Menurut Dewi, berjualan di PaDi adalah salah satu upayanya membantu pemerintah dan BUMN menciptakan transparansi. Persaingan di PaDi pun dirasa sehat. Dewi tidak perlu menaik-naikkan harga atau sebaliknya menjatuh-jatuhkan harga demi mendapat transaksi. Dan pembeli pun bisa membandingkan harga antar toko dengan mudah. Ketika dilakukan audit pun, pembeli bisa dengan mudah menunjukkan bukti transaksi. Hal ini, tentu saja sejalan dengan prinsip G (Governance) dari Environmental, Social, dan Governance (ESG) untuk menciptakan tata kelola perusahaan yang lebih baik. 

“Saya pernah mengalami efek dari ketidakterbukaan meskipun dalam skala yang kecil, tidak sebesar perusahaan. Tetapi saya pernah sampai tutup outlet karena dibohongi oleh karyawan dan itu momen terendah yang pernah saya alami. Saya membayangkan jika hal ini dialami oleh perusahaan besar, bagaimana jika tidak ada keterbukaan di dalamnya,” tambah Dewi.

Tidak kalah penting juga menurut Dewi, menyediakan barang-barang kebutuhan sehari-hari yang berkualitas untuk kebutuhan kantor sama halnya ia membantu menciptakan suasana kerja yang nyaman. Ia relatif menyeleksi barang-barang yang ia jual. Agar ketika dibeli dan dipakai nanti mendatangkan kenyamanan. Bukankah kenyamanan bekerja juga bisa mendukung para pekerja lebih produktif?

Lebih lanjut, Dewi pun optimis jika berjualan online saat ini punya prospek yang besar ke depannya. Meski dia sendiri tetap memiliki toko fisik sebagai penunjang. Apalagi setelah melihat perjalanan setahunnya bersama PaDi yang telah berhasil mencetak transaksi sebesar Rp90 juta.
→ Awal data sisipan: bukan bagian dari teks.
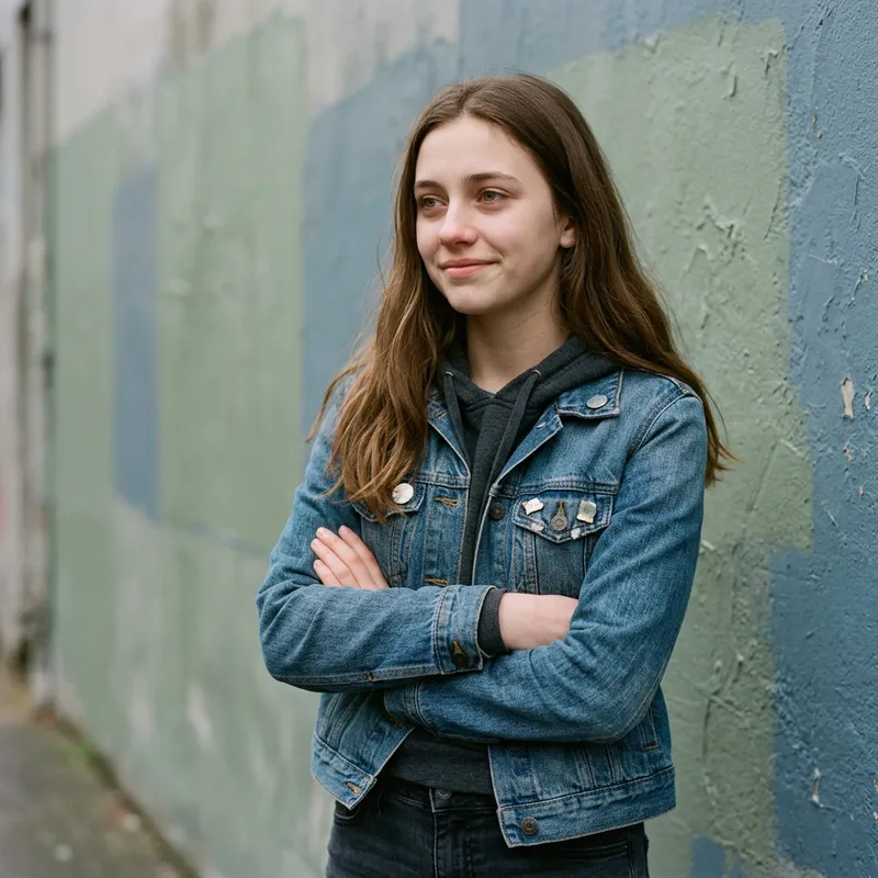 A Caucasian teenage girl with long brown hair, hiding her fear and loneliness behind a seemingly happy, fading smile while standing against a muted color backdrop. She's dressed in a casual jean jacket and is trying to convey strength and optimism despite her internal struggles.

Nilai yang cukup besar untuk produk-produk kecil yang ia jual. 

“Saya rasa kebutuhan sehari-hari di pasar digital ini sangat potensial, saya sendiri sudah malas kalau harus pergi ke pasar untuk beli sabun dan lain-lain. Sekarang kan serba mudah ya. PaDi UMKM menurut saya sangat membantu memasarkan produk-produk yang saya jual. Sebelumnya hanya offline dan sekarang saya menjualnya secara online. PaDi benar-benar membantu perekonomian keluarga saya, semoga nanti akan lebih banyak dipertemukan dengan BUMN lain,” pungkas Dewi.